High operating profitability of 16.6%
Sound FINANCIAL structure
Favourable business trends for 2011
The Tessi Board of Directors met on 2 September 2011 to close off the accounts for the first six months of 2011. These consolidated accounts were examined by the Statutory Auditors.
Consolidated profit and loss account (1 January – 30 June)
|Current operating profit||20.8||22.2|
|Current operating margin||16.6%||18.8%|
|Consolidated net profit Group share||12.6||13.2|
Dynamic organic growth
Turnover rose by 5.8% over the six months, 4.7% of which is attributed to organic growth. All business units participated in this increase in business, with a high contribution from Tessi Document Services (+8.1%).
The variance in scope during the period stems from the acquisition of Sakarah and Logidoc-Solutions, companies acquired at the end of 2010 and in early 2011 respectively, and from integration of the foreign exchange activity of Goffin Bank in Belgium in June 2010.
High operating margin of 16.6%
The change in the operating margin, which remains at a very satisfactory level, can chiefly be explained by:
- the unfavourable base effect, considering that the 2010 margin achieved a record level,
- the dilutive impact due to the integration of the latest two acquisitions,
- outside factors (changes relating to the impact of the "Fillon” reduction in employer contributions and the corporate added-value contribution, etc.),
- operational factors such as reinforcement of the managerial structure and startup of a production centre.
Overall operating profit amounted to €20.8M, reflecting an operating margin of 16.6%.

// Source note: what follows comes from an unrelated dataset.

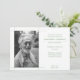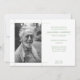 Simple and classy, this modern design is the perfect way to honour the recently departed during a luncheon or dinner funeral services. Features a simple mint green and white abstract style. All green and white typography can be changed to fit your memorial details. Replace the photo template with your own colour or black and white to customise.

After integration of a financial result of €0.07M and corporate income tax of €6.98M, net profit amounted to €14.0M.
Net profit (Group share) amounted to €12.6M, representing 10.1% of the turnover.
Extremely robust financial structure
As of 30 June, Tessi’s cash position stood at €53.9M (compared with €68.2M as of 31.12.2010), cash and cash equivalents amounted to €33.5M compared with €52.8M as of 31.12.2010.
This variance can notably be explained by the unfavourable but temporary impact of changes in the WCR (isolated disbursement of franking expenses not yet recovered, impact of external growth, increase in organic activity and seasonal effects, slight increase in payment times which will be brought back into line in the second half of the year).
Shareholders’ equity (Group share) amounted to €106.2M compared with €99.2M as of 31.12.2010.
Over the period, cash flow amounted to €17.2M, compared with €18.8M in the previous year. Operating cash flow* stood at €4.7M, compared with €22.9M on 30.06.2010.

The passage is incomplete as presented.